__SOURCE RECORDS__:
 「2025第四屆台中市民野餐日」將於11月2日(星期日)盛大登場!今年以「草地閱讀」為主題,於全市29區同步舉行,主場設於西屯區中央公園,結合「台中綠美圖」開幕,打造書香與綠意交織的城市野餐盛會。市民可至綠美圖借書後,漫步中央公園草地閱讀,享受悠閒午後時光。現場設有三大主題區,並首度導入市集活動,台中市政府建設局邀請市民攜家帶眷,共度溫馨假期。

* * *

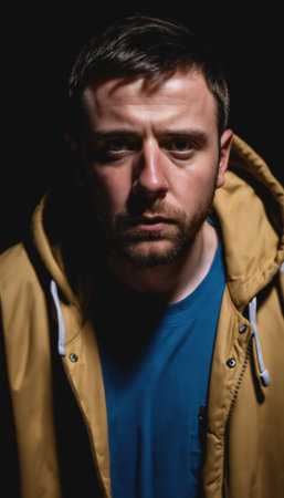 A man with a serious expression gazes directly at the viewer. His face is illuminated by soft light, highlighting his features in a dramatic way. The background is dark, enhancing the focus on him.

---

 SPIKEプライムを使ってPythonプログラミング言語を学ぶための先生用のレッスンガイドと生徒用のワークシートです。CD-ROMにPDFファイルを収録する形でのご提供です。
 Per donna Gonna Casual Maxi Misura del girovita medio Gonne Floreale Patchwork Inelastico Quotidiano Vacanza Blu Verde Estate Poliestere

__TASK STATEMENT__:
Using the records above, copy word for word the line with "SPIKEプライムを使ってP", the line with "Per donna Gonna", and every line between them.

__ANSWER FOR THIS EXERCISE__:
 SPIKEプライムを使ってPythonプログラミング言語を学ぶための先生用のレッスンガイドと生徒用のワークシートです。CD-ROMにPDFファイルを収録する形でのご提供です。
 Per donna Gonna Casual Maxi Misura del girovita medio Gonne Floreale Patchwork Inelastico Quotidiano Vacanza Blu Verde Estate Poliestere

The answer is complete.